*What the task requires*:
Output each entry below as it stands, leaving out every picture.

*Records drawn from a dataset*:
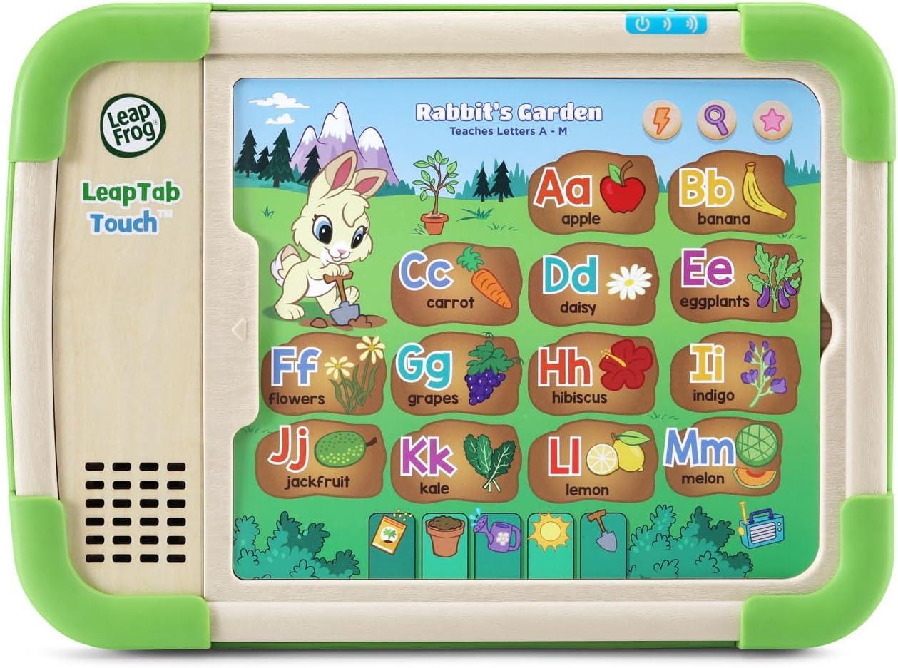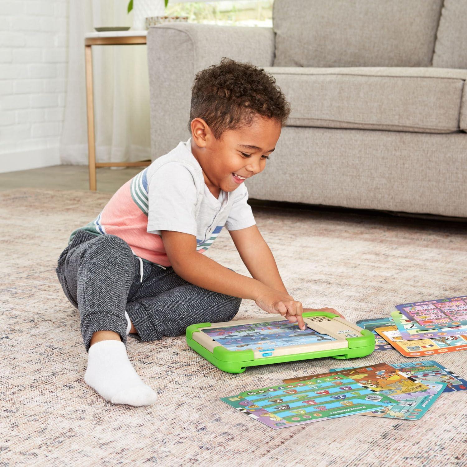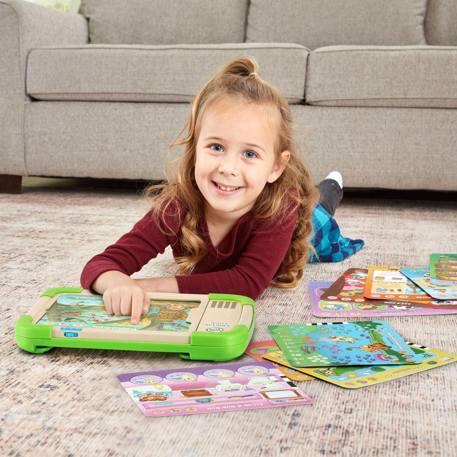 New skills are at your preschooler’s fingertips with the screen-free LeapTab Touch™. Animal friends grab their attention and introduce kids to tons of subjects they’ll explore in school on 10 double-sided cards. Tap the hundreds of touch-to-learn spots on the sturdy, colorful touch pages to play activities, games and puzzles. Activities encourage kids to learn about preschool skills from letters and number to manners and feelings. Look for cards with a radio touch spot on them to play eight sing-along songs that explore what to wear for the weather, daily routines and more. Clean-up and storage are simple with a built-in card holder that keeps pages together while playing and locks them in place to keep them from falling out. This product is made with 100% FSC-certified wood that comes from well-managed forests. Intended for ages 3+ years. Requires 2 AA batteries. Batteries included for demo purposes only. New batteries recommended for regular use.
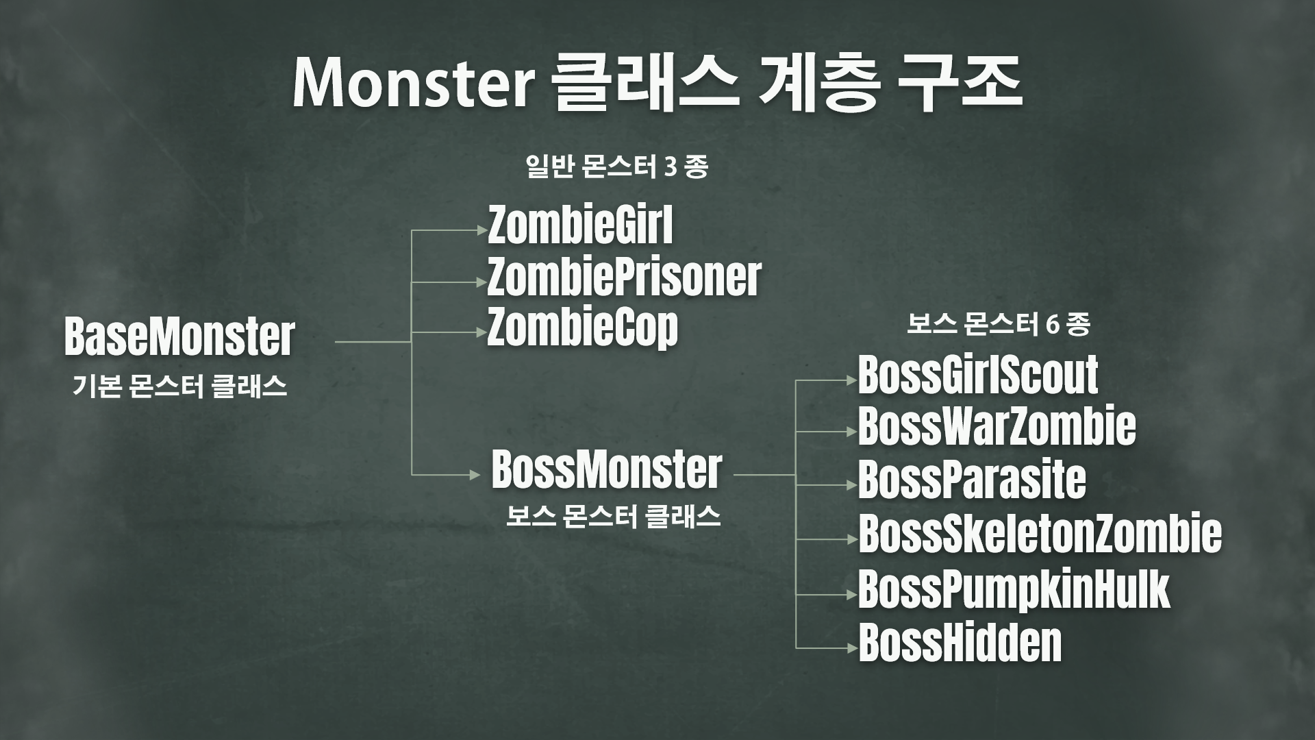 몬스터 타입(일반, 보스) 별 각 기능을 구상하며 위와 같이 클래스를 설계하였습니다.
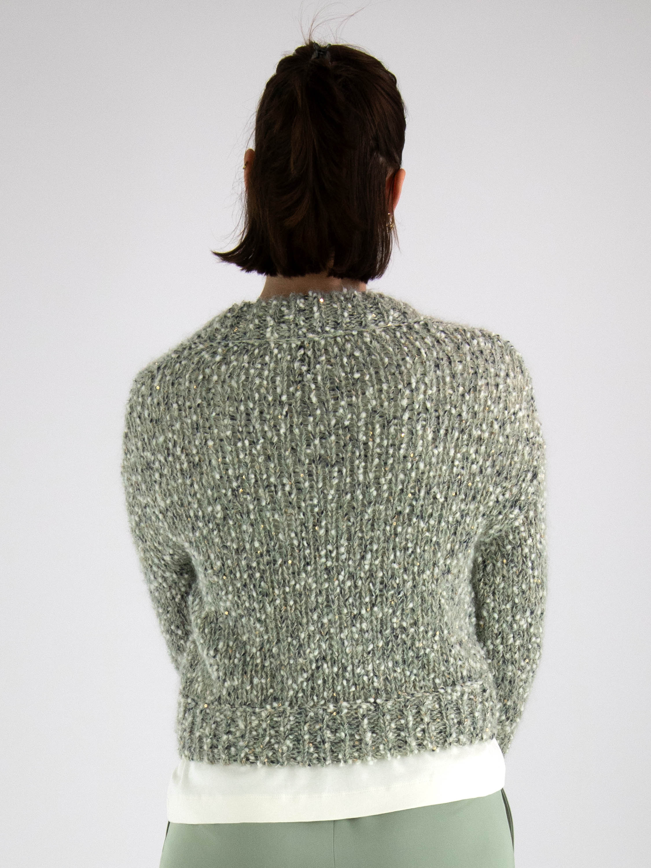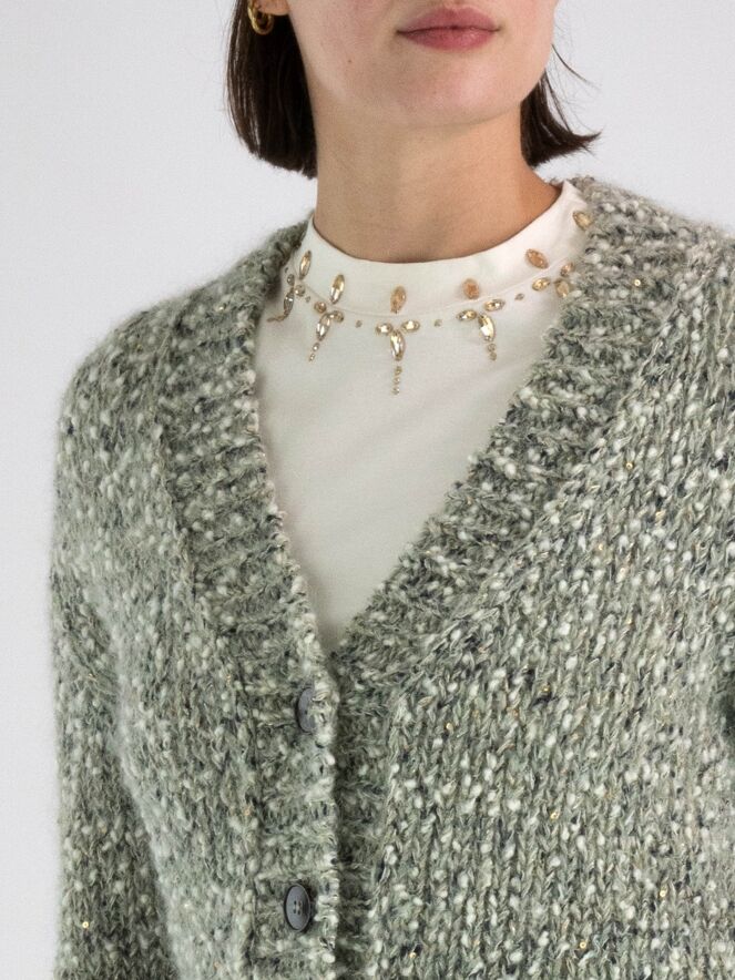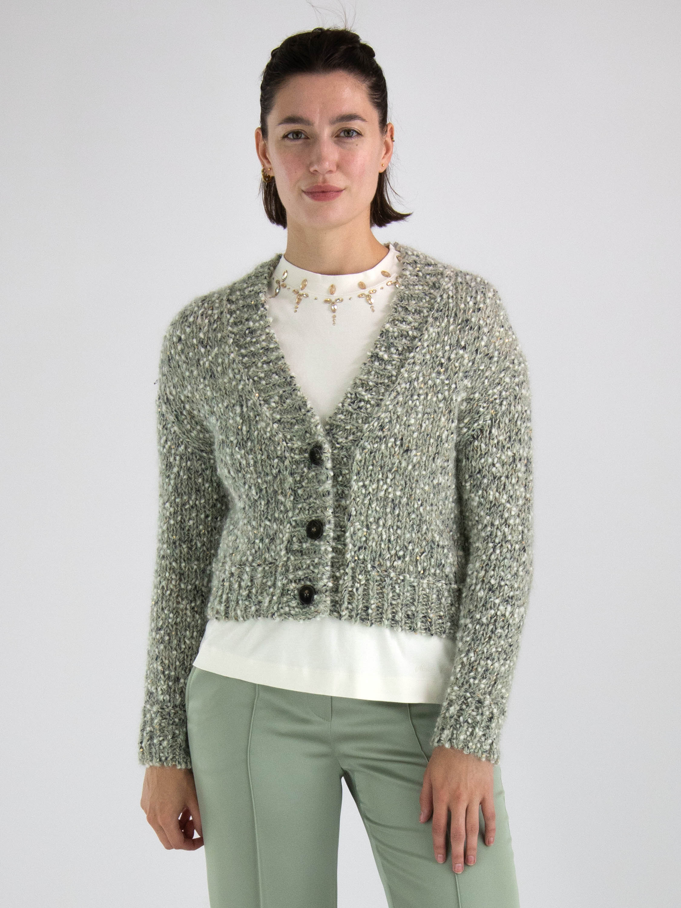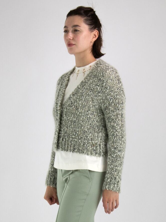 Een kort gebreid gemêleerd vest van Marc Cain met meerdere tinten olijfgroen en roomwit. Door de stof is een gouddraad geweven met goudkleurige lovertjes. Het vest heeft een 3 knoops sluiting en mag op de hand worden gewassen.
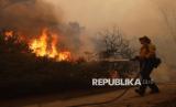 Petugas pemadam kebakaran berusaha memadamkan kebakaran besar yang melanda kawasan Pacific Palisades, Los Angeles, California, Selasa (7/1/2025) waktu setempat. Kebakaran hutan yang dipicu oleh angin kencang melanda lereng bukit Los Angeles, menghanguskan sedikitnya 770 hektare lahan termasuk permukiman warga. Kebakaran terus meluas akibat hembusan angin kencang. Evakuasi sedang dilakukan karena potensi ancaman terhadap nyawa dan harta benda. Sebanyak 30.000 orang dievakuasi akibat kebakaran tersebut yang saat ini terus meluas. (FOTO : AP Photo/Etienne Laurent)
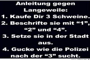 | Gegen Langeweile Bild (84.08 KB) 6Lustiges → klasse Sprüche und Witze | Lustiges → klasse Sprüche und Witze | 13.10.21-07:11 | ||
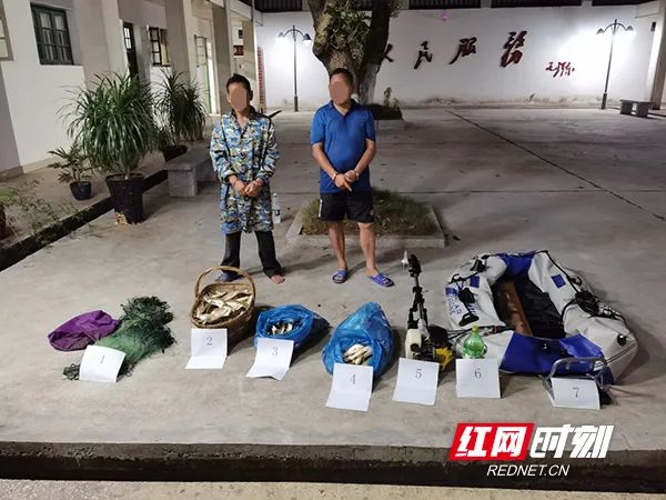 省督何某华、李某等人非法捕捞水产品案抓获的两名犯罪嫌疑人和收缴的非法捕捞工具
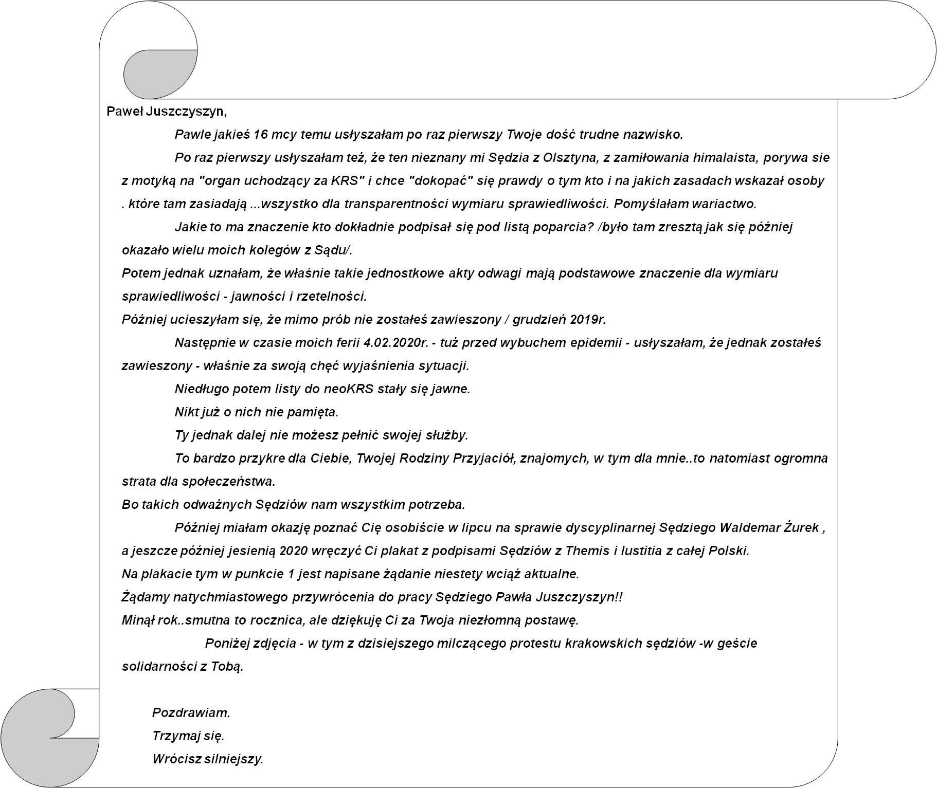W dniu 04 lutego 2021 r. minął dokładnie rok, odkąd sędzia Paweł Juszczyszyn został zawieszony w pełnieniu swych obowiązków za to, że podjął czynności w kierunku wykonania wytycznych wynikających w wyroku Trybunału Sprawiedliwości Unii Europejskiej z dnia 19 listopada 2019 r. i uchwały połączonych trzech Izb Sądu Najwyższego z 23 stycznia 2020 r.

*Exercise result*:
 New skills are at your preschooler’s fingertips with the screen-free LeapTab Touch™. Animal friends grab their attention and introduce kids to tons of subjects they’ll explore in school on 10 double-sided cards. Tap the hundreds of touch-to-learn spots on the sturdy, colorful touch pages to play activities, games and puzzles. Activities encourage kids to learn about preschool skills from letters and number to manners and feelings. Look for cards with a radio touch spot on them to play eight sing-along songs that explore what to wear for the weather, daily routines and more. Clean-up and storage are simple with a built-in card holder that keeps pages together while playing and locks them in place to keep them from falling out. This product is made with 100% FSC-certified wood that comes from well-managed forests. Intended for ages 3+ years. Requires 2 AA batteries. Batteries included for demo purposes only. New batteries recommended for regular use.
 몬스터 타입(일반, 보스) 별 각 기능을 구상하며 위와 같이 클래스를 설계하였습니다.
 Een kort gebreid gemêleerd vest van Marc Cain met meerdere tinten olijfgroen en roomwit. Door de stof is een gouddraad geweven met goudkleurige lovertjes. Het vest heeft een 3 knoops sluiting en mag op de hand worden gewassen.
 Petugas pemadam kebakaran berusaha memadamkan kebakaran besar yang melanda kawasan Pacific Palisades, Los Angeles, California, Selasa (7/1/2025) waktu setempat. Kebakaran hutan yang dipicu oleh angin kencang melanda lereng bukit Los Angeles, menghanguskan sedikitnya 770 hektare lahan termasuk permukiman warga. Kebakaran terus meluas akibat hembusan angin kencang. Evakuasi sedang dilakukan karena potensi ancaman terhadap nyawa dan harta benda. Sebanyak 30.000 orang dievakuasi akibat kebakaran tersebut yang saat ini terus meluas. (FOTO : AP Photo/Etienne Laurent)
 | Gegen Langeweile Bild (84.08 KB) 6Lustiges → klasse Sprüche und Witze | Lustiges → klasse Sprüche und Witze | 13.10.21-07:11 | ||
 省督何某华、李某等人非法捕捞水产品案抓获的两名犯罪嫌疑人和收缴的非法捕捞工具
W dniu 04 lutego 2021 r. minął dokładnie rok, odkąd sędzia Paweł Juszczyszyn został zawieszony w pełnieniu swych obowiązków za to, że podjął czynności w kierunku wykonania wytycznych wynikających w wyroku Trybunału Sprawiedliwości Unii Europejskiej z dnia 19 listopada 2019 r. i uchwały połączonych trzech Izb Sądu Najwyższego z 23 stycznia 2020 r.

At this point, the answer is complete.